Democracy must be actively protected, said keynote speaker Michael V. Hayden, a retired four-star general and former director of the CIA and National Security Agency.  

“I am not predicting civil war or societal collapse in North America,” Hayden said. But he added: “The processes, the attitudes, the cultural mores that we have used for a couple centuries to keep our democracy, they’re at risk.”

Speakers largely agreed that Russian interference exploits pre-existing divisions within the American cultural and political landscape, largely through false information spread by social media.

“Truth is not incentivized online,” said Matt Chessen, a career U.S. diplomat and technology adviser in the State Department. “Facts [become] what you can convince people of.”

Machine-learning algorithms that prioritize entertaining content over truthful content and the growth of polarized news outlets make “true” news difficult to distinguish from fabricated news, Washington Post columnist David Ignatius said. And without truth, the United States becomes a “democracy without guardrails,” he said, referring to a concept developed by political researchers Daniel Ziblatt and Steven Levitsky.

Ignatius predicted that artificial intelligence will soon fabricate videos, images, and voice-overs, further putting the truth at risk, and political candidates could claim that evidence against them was fabricated. “A candidate’s denials will be more convincing, at least to supporters,” he said.

“What the Russians did was an attack from an unexpected direction on a previously unknown weakness.”

—  Michael V. Hayden, retired four-star general and former director of the CIA and National Security Agency

Speakers offered a number of ways to address to these threats to truth and democracy.

Molly Roberts, a political science professor at the University of California, San Diego, said tech companies should make their methods and privacy policies more transparent to the public. “We need more information about information,” she said.

Beyond government regulation, tech companies have a responsibility to consider the ethical and social implications of their innovations and networks. “What we need is more people in the governance of technology,” said Federal Trade Commissioner Terrell McSweeny said.

In terms of responding to Russia, several speakers emphasized caution.

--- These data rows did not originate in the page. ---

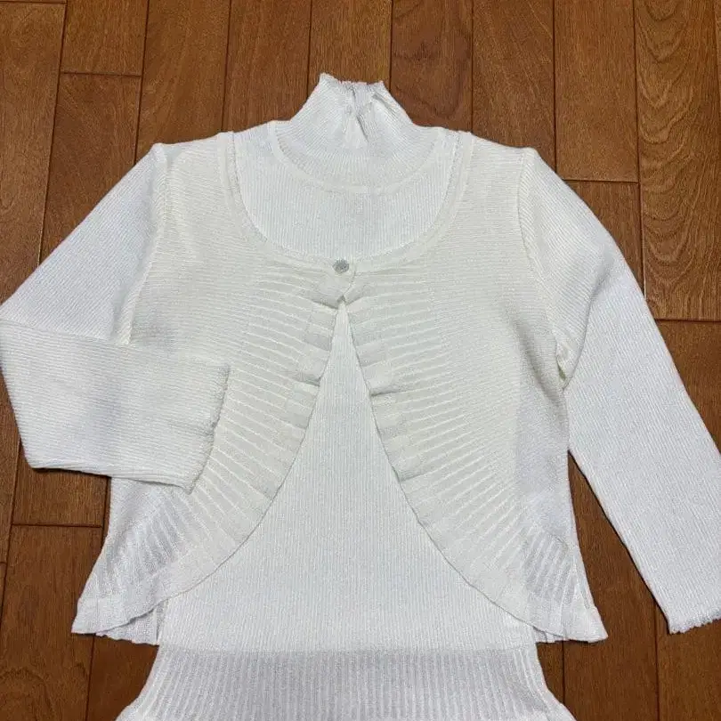 새상품 아쉬 비스 화이트 긴팔 터틀넥 가디건 앙상블
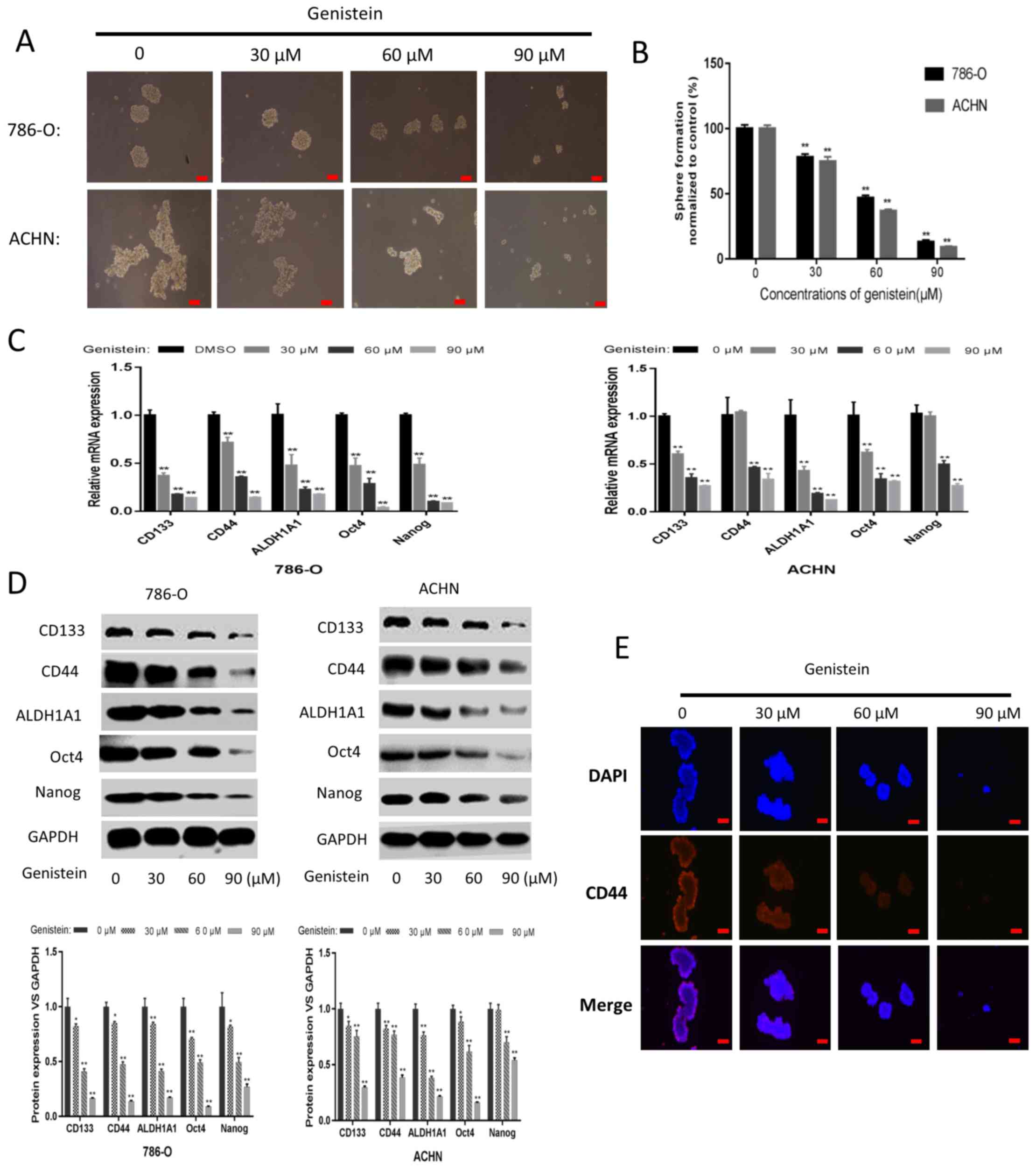Genistein has been demonstrated to target CSCs in several types of malignancy (20,23,27). In the present study, 786-O and ACHN sphere-forming cells were treated with genistein at different concentrations (0, 30, 60 and 90 µM) for 5 days, in order to investigate whether genistein could exhibit its suppressive effect on renal CSCs. As presented in Fig. 2A and B, the tumor sphere formation assay revealed that genistein-treatment could, in a dose-dependent manner, significantly reduce the number and size of sphere-forming cells in the two cell lines. Following treatment with genistein for 5 days, the mRNA and protein expression levels of renal CSC markers were markedly downregulated in the sphere-forming cells of the two cell lines (Fig. 2C and D). In addition, immunofluorescent staining indicated that the number of CD44-positive 786-O sphere-forming cells was decreased following genistein treatment in a dose-dependent manner (Fig. 2E). Overall, these data revealed that genistein could effectively diminish the characteristics of renal CSCs.
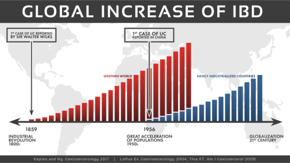 Historically IBD has been predominantly seen in industrialized countries, with the highest reported prevalence values in Europe and North America. In the United States alone, approximately 1.6 million people currently have Crohn’s disease or ulcerative colitis, and as many as 70,000 new cases of IBD are diagnosed each year. Although the incidence of IBD in North America and Europe is currently reported to be stabilizing or decreasing, the burden remains high as prevalence exceeds 0·3%. Over the last 30 years, the predominance of IBD has accelerated in newly industrialized countries including Africa, Asia and South America. Reports of IBD appear to be higher in urban areas than in rural areas, as well as in higher socio-economic classes. Individuals who immigrate to industrial urbanized developed nations before adolescence and those immigrants who initially belonged to a low-incidence population show a significantly higher incidence of IBD. This rise has been attributed to the rapid modernization and westernization of the population.

Sanctions and direct responses could lead to escalation of tensions, said retired Adm. Cecil Haney, former head of the U.S. Strategic Command, and economic sanctions can easily expand into conflict. Solutions should take the possibility of escalation into account, he said.

An adequate government response to Russia requires action by President Trump, Hayden said: “What the Russians did was an attack from an unexpected direction on a previously unknown weakness. We need to respond to this attack like we responded to 9/11: We have to go extraordinary. It requires extraordinary energy, focus, resources, and structures. We as a nation don’t go extraordinary unless the president says, ‘do it.’ ”  

Hayden added that Russian interference is one part of the current post-truth world that threatens democracy. “Post-truth is pre-fascism,” he warned.

The event — titled “Defending Democracy: Civilian and Military Responses to Weaponized Information” — was the fourth annual Veterans Summit, held previously at Yale and West Point. It was co-hosted by the Woodrow Wilson School, the School of Engineering and Applied Science, and the Princeton Veterans Alumni Association.